A lot has been written about that oral argument. I won’t rehash it all. I listened. It was a fascinating discussion of presidential power and accountability. The way they were talking, it was easy to forget that there’s actually a case involved, one where Mr. Trump is charged with trying to overturn an election. Almost nothing was said about that case, except when Justices said that their concerns had nothing to do with the present case, that they were interested in getting the balance right for the future.
We do not know when or how they will rule. We do know that just like those voters in South Carolina, we are denied justice by the Supreme delaying tactics. The Court’s timeline and those interesting questions for a future time that they now seem to think must be decided before we get to the underlying case, dim any prospect of Mr. Trump standing trial for attempting to overturn the last election before he attempts to win the next one. Apparently, the Court finds unthinkable holding this trial before a possible future President Trump can order it halted. Just as in the voting rights case, the Court has put down scales of blind justice and picked up a partisan clock they can run out.
What does all this say about the Roberts Court? What does it say that Black voters are denied justice, Mr. Trump is given one pass after the next, and all voters are denied the evidence of wrongdoing that would come out were an election subversion trial to move forward?
Before I answer that, there’s more to consider, because the stuff we’ve talked about so far is about partisanship. And that’s bad. But it isn’t the whole story.
Justice Thomas participated in the oral arguments on presidential immunity. The case, however, is not about immunity but about election subversion. Subversion, we now know his wife Ginny encouraged and supported, and helped fund. In every other court in America, ethics rules would prohibit his participation. This week, not a single Justice objected.
This is the same court that has taken millions of dollars in free vacations, private jet travel, and, at least in Justice Thomas’ case, cash in the form of loans that may have required no repayment. All gifts from people with an interest in cases before the court. All gifts from people whose dark money now corrupts our politics at all levels because this court overturned campaign finance laws in their Citizens United Decision. Call me a simple Alderman, but I saw a lot of my City Council colleagues go to jail for less.

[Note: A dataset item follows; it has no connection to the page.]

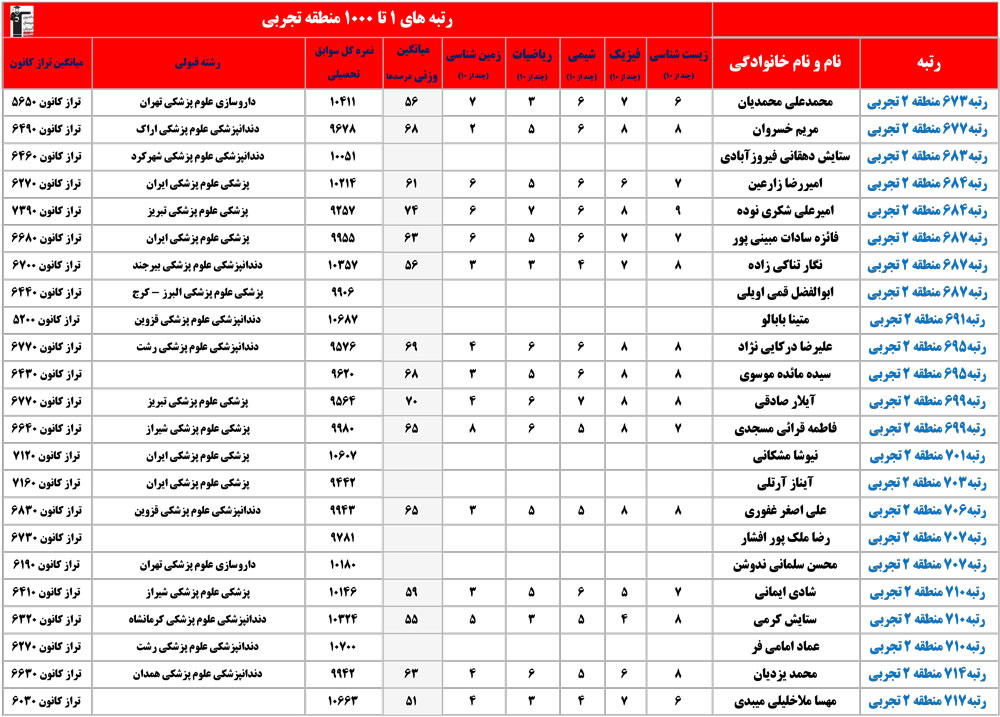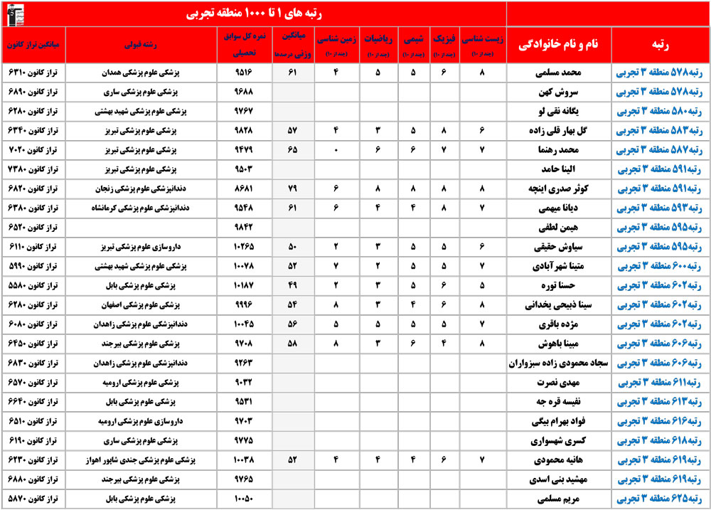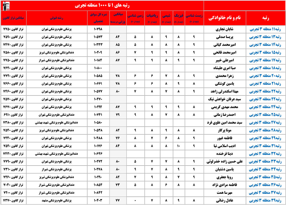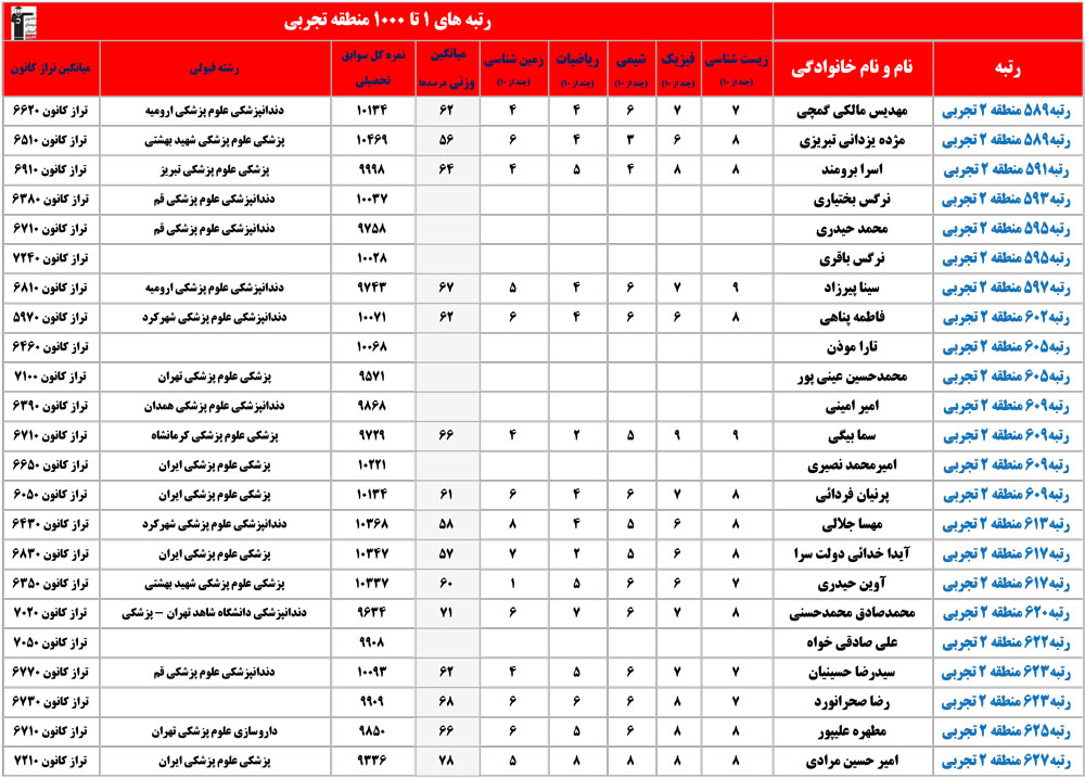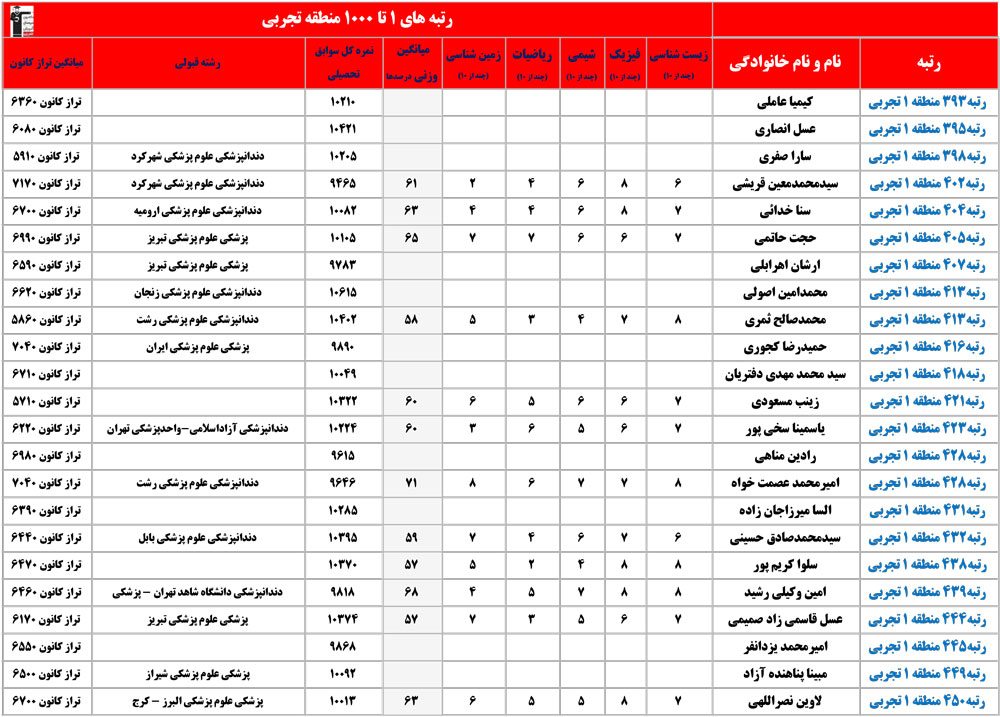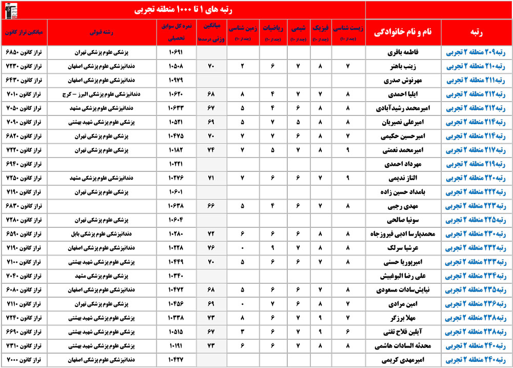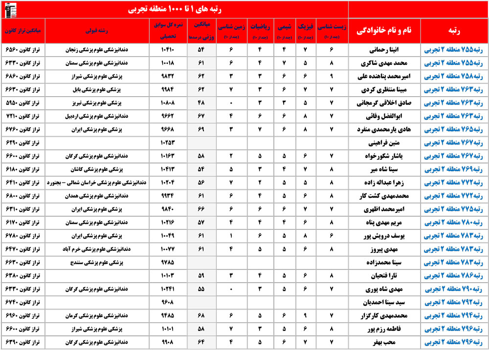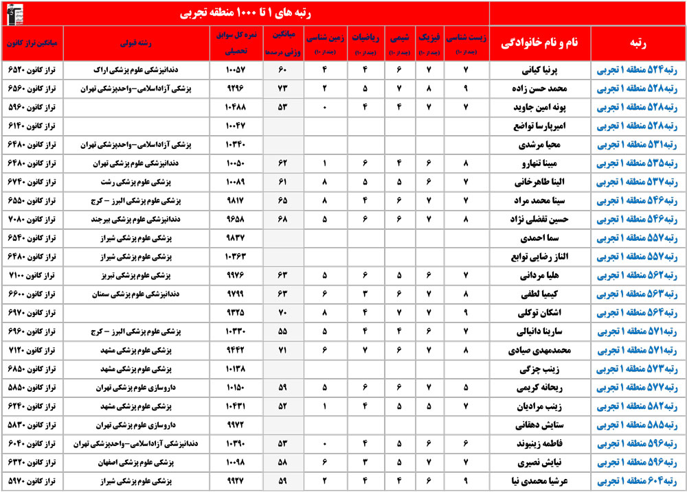 تجربی: رشتههای قبولی رتبههای زیر 1000 منطقه 1، 2 و 3 + درصد ها
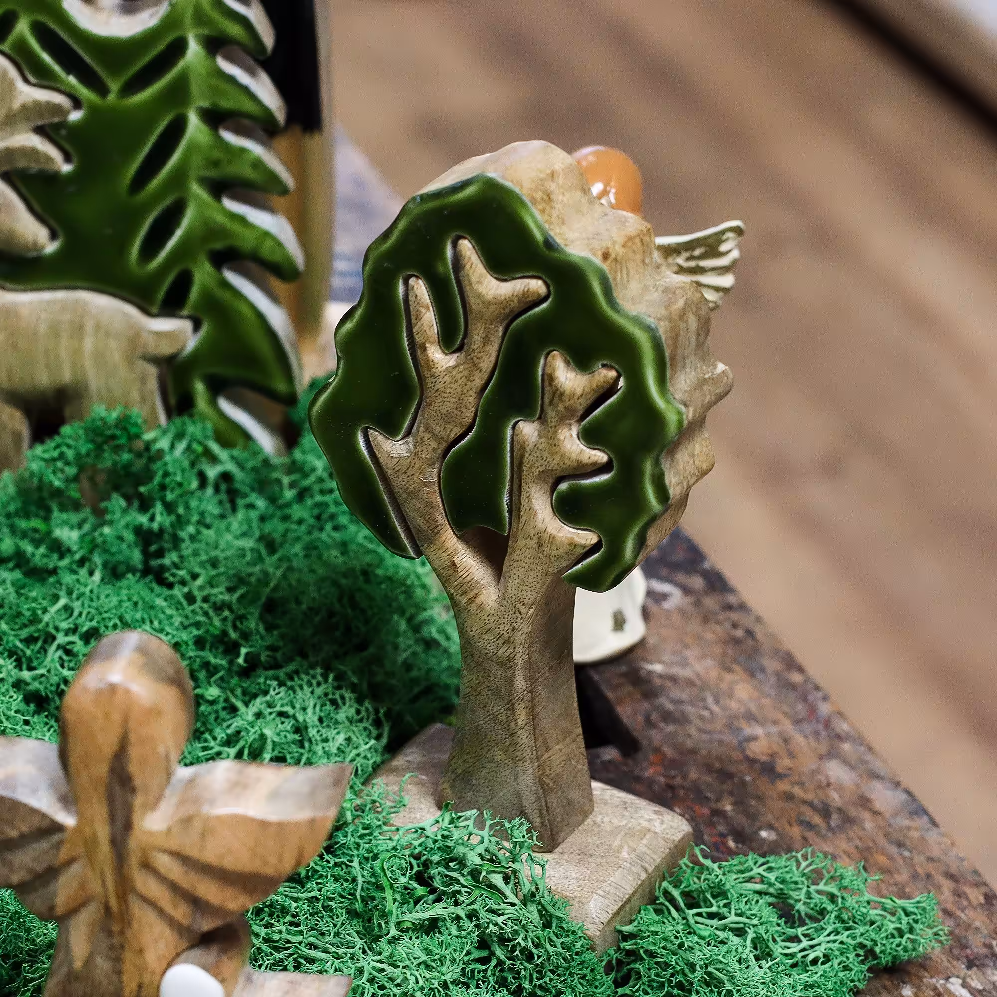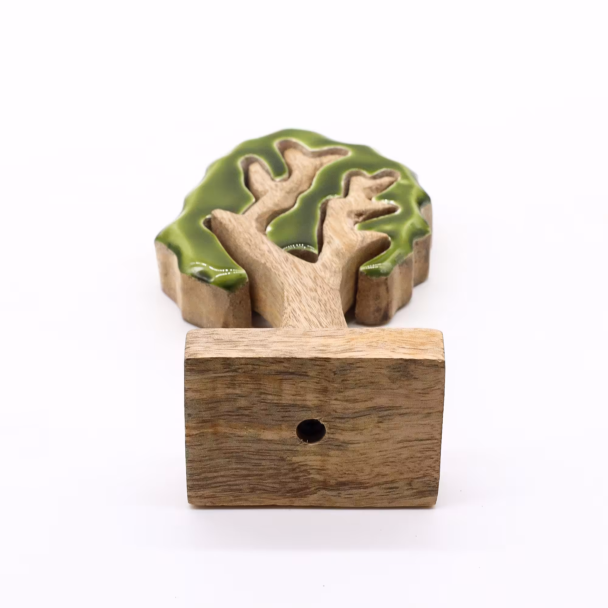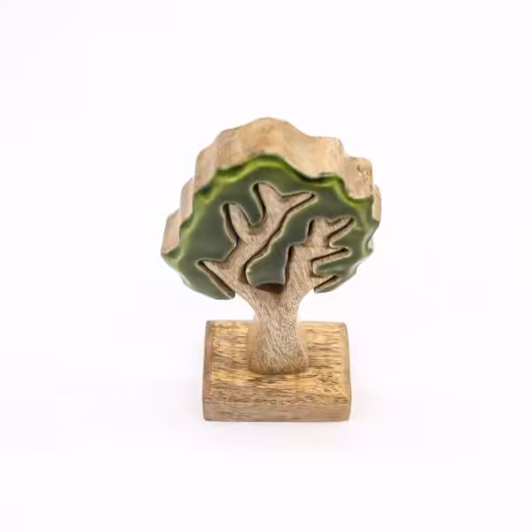 Simple, strikingand full of character — this standalone tree ornament captures the beauty of the forest in handcrafted form. Sculpted from sustainable mango wood and detailed with glossy green enamel, its layered 3D design makes it a lovely addition to nature-themed decor or seasonal displays.

Wait, not done. Because partisan and corrupt doesn’t do this Court justice. Think of the Dobbs decision and this Courts’ rulings that seem to favor the establishment of their religious dogma. Justice Alito would let women die rather than let doctors do their jobs. It’s hard to know what to call this, except cruel.
All of this is to say, the Roberts Court is partisan rather than jurisprudential, it has done more to move the clock of racial justice backwards than any since Justice Roger Taney wrote the Dred Scott decision, and it is the most corrupt, well, ever.
If you care about your freedoms, if you care about the rule of law, vote. Winning, and winning big in November does not put an end to tyranny of this Court, but it makes it possible to get there.